Pourquoi Tapie remonte à cheval

Bernard Tapie, le 21 juin 2012. (MAXPPP)

L’acteur et hommes d’affaires -ancien ministre de François Mitterrand- a fait sensation en se portant acquéreur (contre le vœu de l’Elysée, qui a tout fait pour le bloquer) des trois journaux-phares du sud-est de la France : La Provence, Nice-Matin et Corse-Matin. Au-delà –il s’en défend mollement- il rêve de la mairie de Marseille. En tout cas, c’est le grand retour en politique du transgressif Tapie.

 La réapparition sur l’avant-scène politique du radical (de gauche ou de droite, selon les époques) Bernard Tapie en agace plus d’un, et c’est peu dire. Mais beaucoup se disent sceptiques sur les chances de l’ex-président de l’OM de réussir son nouveau pari, aux contours il est vrai encore flous.

Les cinq atouts de Tapie

Pourtant, Tapie ne manque pas d’atouts. On peut en énumérer cinq.

1. Une fois de plus, le comédien vient de faire, à 70 ans, la démonstration qu’il savait créer l’événement et prendre tout  monde à contrepied. De retour sur scène au moment ou personne ne s’y attendait, c’est lui, pour l’heure, qui mène le jeu. Pris de court, ses adversaires cherchent une parade.

2. Les attaques contre ce patron de presse interventionniste sont compréhensibles mais, globalement, dérisoires. Outre que tout patron, quel qu’il soit, n’a pas vocation à se transformer en statue de cire et peut légitimement espérer que « son »  journal, peu ou prou, lui ressemble, il est évident qu’en 2012 la presse écrite  -qui vit une crise une crise structurelle très profonde- n’est plus du tout ce qu’elle était il y a 25 ans. Starisé par son « atterrissage » à La Provence, Tapie comptera moins demain par les « Une » de ses journaux ou par ses hypothétiques éditos que par son aptitude, à partir de son bureau de Pdg,  à occuper le terrain. Un registre dans lequel, jusqu’à preuve du contraire, il excelle.

3. La scène politique marseillaise est aujourd’hui… peu encombrée. Jean-Marie Le Pen est en fin de parcours.  Le sénateur-maire UMP Jean-Claude Gaudin aussi, à sa façon, même s’il en faut pas sous-estimer ses qualités de puncheur. Battu aux législatives, Renaud Muselier,  le dauphin, l’éternel héritier gaulliste, s’est éloigné.

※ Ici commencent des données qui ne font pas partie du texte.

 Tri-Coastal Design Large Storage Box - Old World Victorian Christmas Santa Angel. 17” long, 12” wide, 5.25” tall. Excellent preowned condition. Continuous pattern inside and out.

En principe définitivement. Affaibli par l’affaire Guérini et par les tracas judiciaires de la députée Sylvie Andrieux, le PS marseillais se porte mal, et manque d’un homme (ou d’une femme) à poigne. Même si l’ex-« royaliste » Patrick Menucci rêve d’être celui-là. Bref, il y a, sinon un vide, en tout cas  des  vides que Tapie, si le fisc (actionné par Bercy) ne le fait pas trébucher, peut demain parfaitement combler.

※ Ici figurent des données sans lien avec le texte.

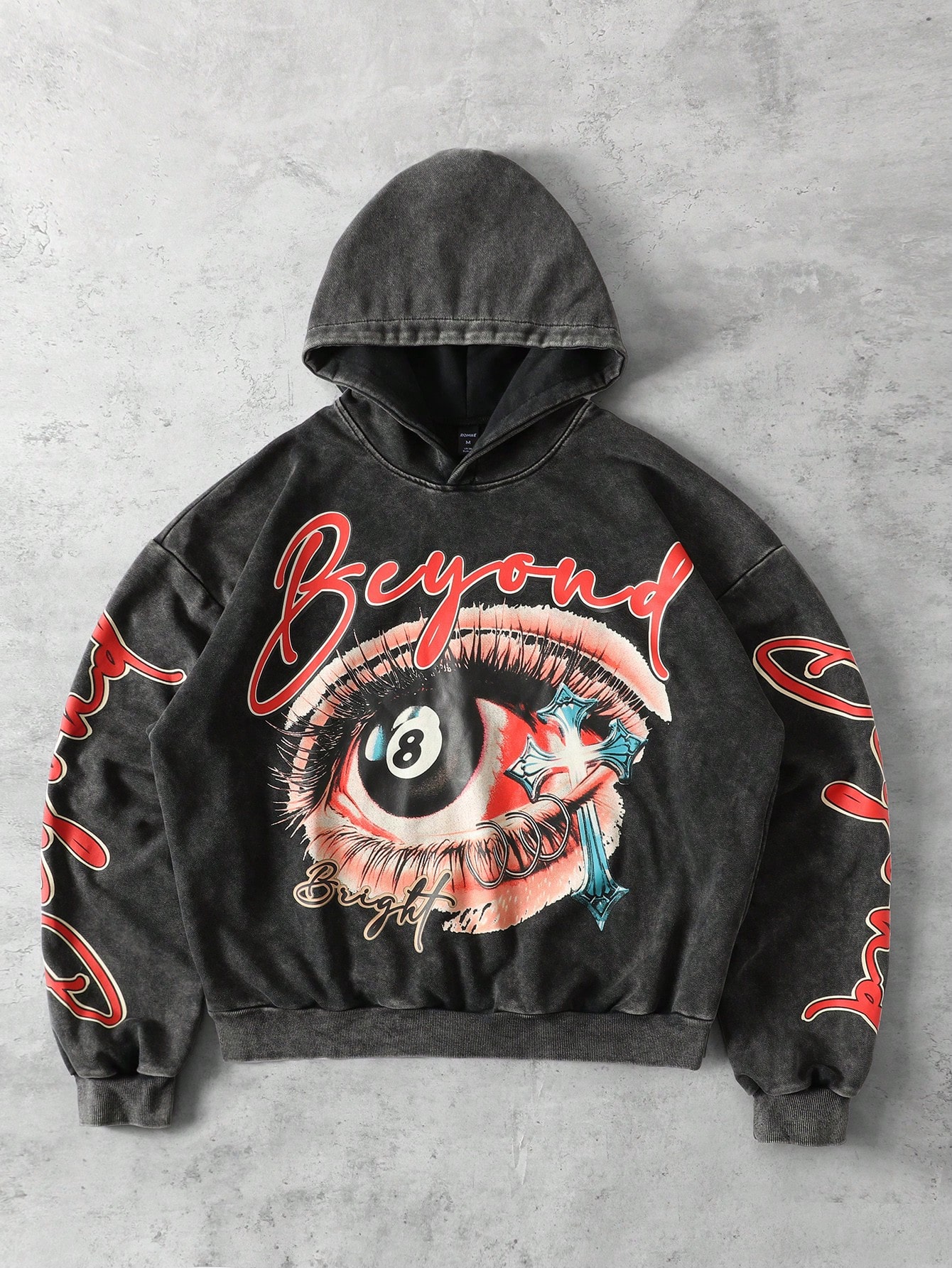 Street Life sweat-shirt à capuche court vintage lavé pour hommes, style rétro streetwear

4.  Les nouvelles générations s’entendent dire que Tapie, jadis, a commis des horreurs (ou des erreurs ?). Mais les générations en question ne connaissent pas la face ombreuse du personnage, qui lui a valu de connaître la prison. Tapie a payé, et  de l’eau a passé sous les ponts. Evoquer aujourd’hui les « affaires » d’antan, pour beaucoup de jeunes Marseillais, c’est remontrer à Charlemagne. Seuls comptent pour eux  l’OM et le charisme.

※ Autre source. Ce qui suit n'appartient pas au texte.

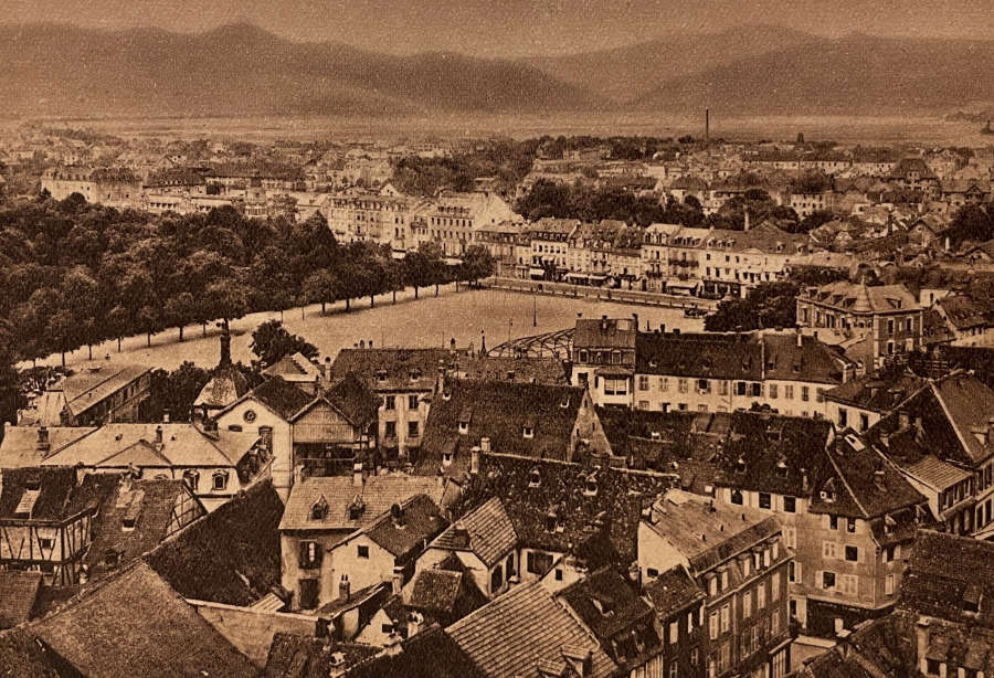 Printed on verso, upper left: 313 Colmar/ Vue générale; upper center: CARTE POSTALE; upper right: [rectangle for placement of postage stamp]. Printed on verso, center, oriented vertically: Les Editions Braun & Cie, Mulhouse (H-Rhein). Printed on verso, right side: [four horizontal lines for addressing postcard]

5. L’heure est sinon au populisme, en tout cas à ceux qui font –qu’on  s’en réjouisse ou pas- un pied-de-nez à des partis affaiblis et à une classe politique discutée: Jean-Luc Mélenchon, Marine Le Pen, Arnaud Montebourg, voire Jean-François Copé. Et demain le marseillais Tapie ?

L’exaspération de l’Elysée

Les chances de l’intéressé, dans pareil contexte, de réussir son come-back sont donc, à priori, loin d’être négligeables. Sans doute est-il aujourd’hui l’homme à abattre. Mais, s’il résiste aux coups, il peut  être en 2017   « le » faiseur de roi, en tout cas l’homme incontournable.

On comprend, du coup, l’exaspération de l’Elysée vis-à-vis de ce ténor encombrant, imprévisible et devenu trop sarkozyste pour être… fréquentable.